У Шеллинга (которого Булгаков в «Свете невечернем» не устает цитировать) есть мысль о том, что между временем и вечностью должно находиться нечто, с чего должно начаться время. У Соловьева (и Флоренского) Булгаков находит имя этому нечто — София, премудрость Божия, энтелехия мира, его потенция. «София не только любима, но и любит ответной любовью, и в этой взаимной любви она получает все —
София открывается в мире как красота, которая есть ощутимая софийность мира. Поэтому искусство лучше, непосредственнее знает Софию, нежели философия. Красота царственна, она не может не царить, это наше собственное воспоминание об Эдеме, но она может и обманывать. Эдемская красота вне-Эдема есть подделка, поэтому она может жалить, как змея. Земная красота загадочна и зловеща, как улыбка Джоконды; с Елизаветой Тюрингенской соперничают здесь чары Венеры, и «жене, облеченной в солнце», противостоит «жена-блудница», облеченная в сатанинскую красоту.

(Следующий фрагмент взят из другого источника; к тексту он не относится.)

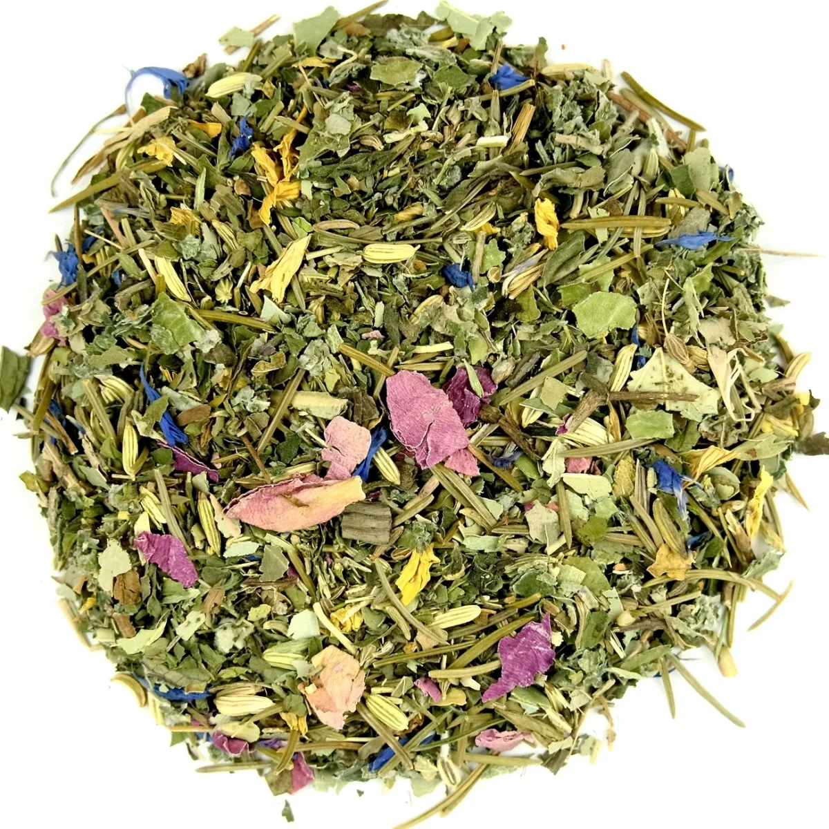 Ingrediënten: Venkel, eucalyptusbladeren, pepermunt, sparrennaalden, anijs, braambesbladeren, frambozenbladeren, groene munt, tijm, rozemarijn, ribbladeren, saliebladeren, zonnebloembloesem, pioenbloesem, gentiaanwortel, vlierbloesem, korenbloembloesem

Вся тварь до грехопадения обладала естественным бессмертием. Бог породил сынов Божьих, призванных стать богами, но не благодаря хищению, каким соблазнил человека дьявол, а по благодати сыновнего послушания. Изгнанием прародителей из рая начинается человеческая история. Может ли она перерасти в эсхатологию? Булгаков опять вспоминает Федорова, его идею «трудового воскрешения мертвых». По мнению Булгакова, «воскрешение, как и рождение, есть творческий акт Божьего всемогущества, которым возвращается душе усопшего животворящая ее сила, способность создать для себя, соответственно своей природе, тело; оно есть… акт теургический. Поэтому федоровский «проект» хозяйственно-трудового, магического воскрешения… грешит недолжным смешением областей хозяйства и теургии»27. Федоров хочет, чтобы человек, осуществляя волю Божию в творении, обошелся без Бога и помимо Бога с разрывом богочеловеческого единства. В случае неудачи этого «общего дела» усопшие будут воскрешены уже Богом — «многие на суд и осуждение». Учение Федорова, резюмирует Булгаков, является последним словом новоевропейского гуманизма. Перед его грандиозностью робкими и нерешительными кажутся утопии Мечникова, Фурье, Маркса. По букве федоровский проект должен быть отвергнут, но как движение сердца и воли, как молитва и вдохновение он важен и дорог. Цель истории находится за пределами истории, то есть когда кончится время, как это предсказано в Апокалипсисе.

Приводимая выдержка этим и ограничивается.